Wednesday, May 26, 2010

I'm Here

Hello hello my bloggy friends. I know...I've been gone.

Ever been bodyboarding? When you're first learning you have these times when everything is going really well, and then for some reason you fly off your board, roll around in the water, get pummeled by waves, and probably end up losing either the top or bottom of your bikini. Or was that just me?
Anyway - that's what life feels like right now. At this point, I'm sitting in the surf looking for my swimsuit and hoping that nobody got it on video.

Is life just a series of pummels? It feels that way a lot of the time. My periods of calm seem to be getting smaller and smaller, and the "trials" last longer and longer.
Anyone who has been reading this blog for long knows that I have no problem getting personal and deep with complete strangers. That being said, I'm also extremely protective of the privacy of my family and friends. Hence, you've probably never read much about my friends or personal things about my family (kid poop stories don't count) that don't expressly involve me. I don't feel it's my place to write about someone else's story.
So there are a lot of things we've been working through, a lot of tears shed, that will never appear on here. But just know that they are there. Life can be rough to us all - and we're no exception.

When peace, like a river, attendeth my way, When sorrows like sea billows roll; Whatever my lot, Thou has taught me to say, It is well, it is well, with my soul.

I seriously would be drowning without the support of my Almighty.
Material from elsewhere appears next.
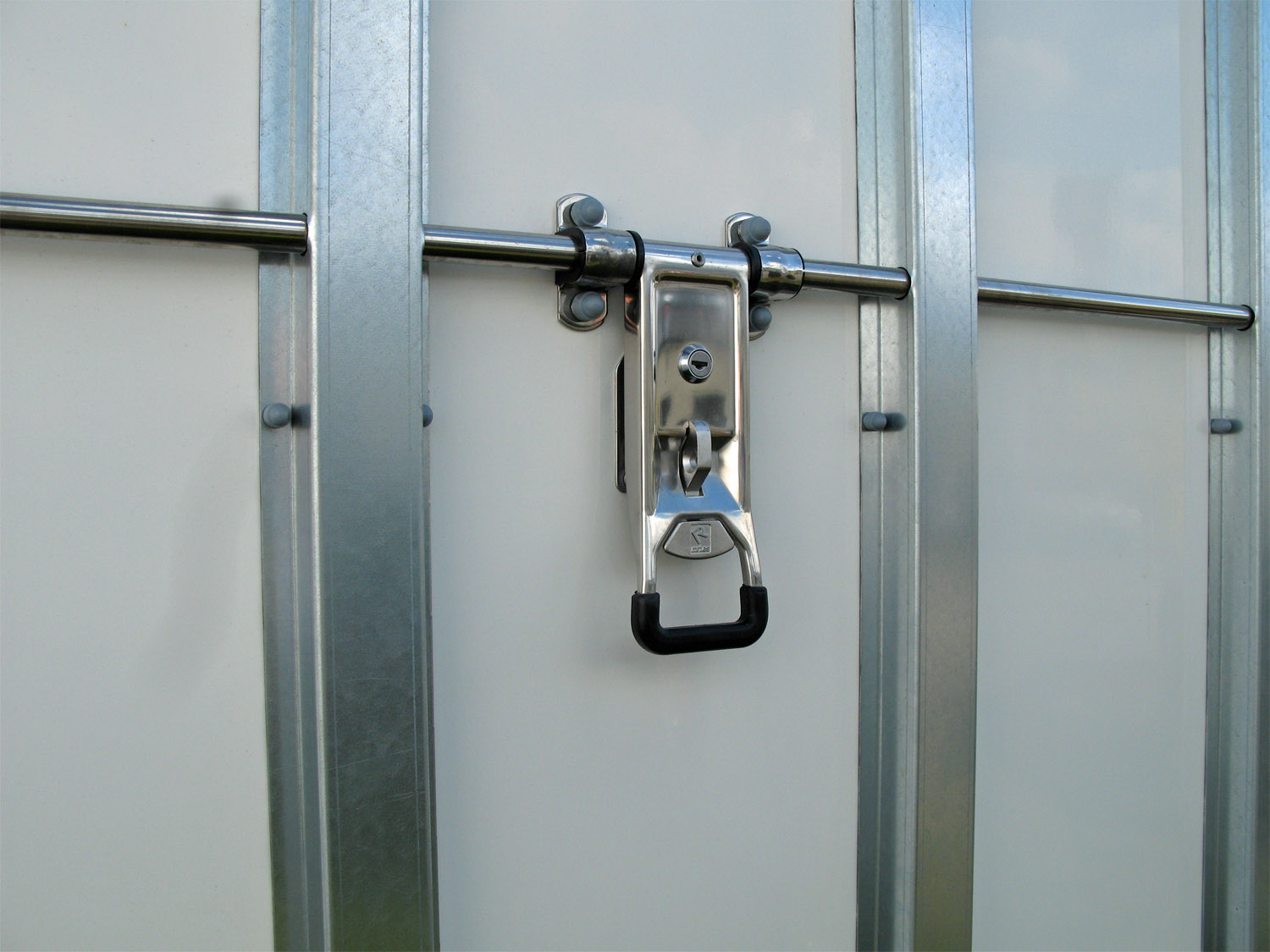 - Auffahrklappe mit Gasfederhubhilfe mit querliegendem Drehstangenverschluss und rutschhemmenden Kunststoffbodenbelag

Every day I wake up to a new "crisis" and yet, I have peace. When the waves of anxiety and fear begin to rise up around me, I can breathe deeply and say - It is well with my soul. I don't have to look to tomorrow with worry, I don't have to regret the past, I just have to live this single moment. I have to rejoice in the knowledge that He is in control. I have to hand out some of this overflow of love He's given me. I have to share my experiences, and encourage others in theirs. I have to follow His path and listen to His instructions. I have to release my vice grip on the things of this world (which include people) and freely give it all to Him. I have to choose, everyday:

Will I look into the face of crashing waves and inside feel only calm waters?